Aim of the task
The word "with" occurs in some lines of the data. Return each such line.

Data provided
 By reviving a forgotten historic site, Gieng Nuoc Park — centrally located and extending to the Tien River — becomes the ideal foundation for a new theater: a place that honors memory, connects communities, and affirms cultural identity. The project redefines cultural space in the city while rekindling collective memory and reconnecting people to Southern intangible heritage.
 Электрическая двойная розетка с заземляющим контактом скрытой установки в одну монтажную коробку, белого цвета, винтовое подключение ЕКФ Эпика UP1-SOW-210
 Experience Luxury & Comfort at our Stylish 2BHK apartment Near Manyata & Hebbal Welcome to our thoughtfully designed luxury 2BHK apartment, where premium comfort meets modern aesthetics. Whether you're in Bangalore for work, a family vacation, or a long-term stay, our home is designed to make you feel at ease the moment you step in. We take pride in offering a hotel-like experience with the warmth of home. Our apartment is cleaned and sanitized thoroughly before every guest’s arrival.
==
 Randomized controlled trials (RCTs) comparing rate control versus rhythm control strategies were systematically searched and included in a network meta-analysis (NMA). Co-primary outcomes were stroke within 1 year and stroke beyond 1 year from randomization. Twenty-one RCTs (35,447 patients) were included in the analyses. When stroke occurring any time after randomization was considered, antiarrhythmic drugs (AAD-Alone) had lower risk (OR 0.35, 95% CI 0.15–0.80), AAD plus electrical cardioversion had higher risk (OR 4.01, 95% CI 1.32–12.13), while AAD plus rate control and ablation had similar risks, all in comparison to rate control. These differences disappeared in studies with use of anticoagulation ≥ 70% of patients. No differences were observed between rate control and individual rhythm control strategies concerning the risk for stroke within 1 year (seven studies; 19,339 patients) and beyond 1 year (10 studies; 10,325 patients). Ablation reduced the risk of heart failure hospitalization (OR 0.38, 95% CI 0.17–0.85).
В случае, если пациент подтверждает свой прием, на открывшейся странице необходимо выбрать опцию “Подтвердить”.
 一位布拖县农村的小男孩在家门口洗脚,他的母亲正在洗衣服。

Your response
 Experience Luxury & Comfort at our Stylish 2BHK apartment Near Manyata & Hebbal Welcome to our thoughtfully designed luxury 2BHK apartment, where premium comfort meets modern aesthetics. Whether you're in Bangalore for work, a family vacation, or a long-term stay, our home is designed to make you feel at ease the moment you step in. We take pride in offering a hotel-like experience with the warmth of home. Our apartment is cleaned and sanitized thoroughly before every guest’s arrival.
 Randomized controlled trials (RCTs) comparing rate control versus rhythm control strategies were systematically searched and included in a network meta-analysis (NMA). Co-primary outcomes were stroke within 1 year and stroke beyond 1 year from randomization. Twenty-one RCTs (35,447 patients) were included in the analyses. When stroke occurring any time after randomization was considered, antiarrhythmic drugs (AAD-Alone) had lower risk (OR 0.35, 95% CI 0.15–0.80), AAD plus electrical cardioversion had higher risk (OR 4.01, 95% CI 1.32–12.13), while AAD plus rate control and ablation had similar risks, all in comparison to rate control. These differences disappeared in studies with use of anticoagulation ≥ 70% of patients. No differences were observed between rate control and individual rhythm control strategies concerning the risk for stroke within 1 year (seven studies; 19,339 patients) and beyond 1 year (10 studies; 10,325 patients). Ablation reduced the risk of heart failure hospitalization (OR 0.38, 95% CI 0.17–0.85).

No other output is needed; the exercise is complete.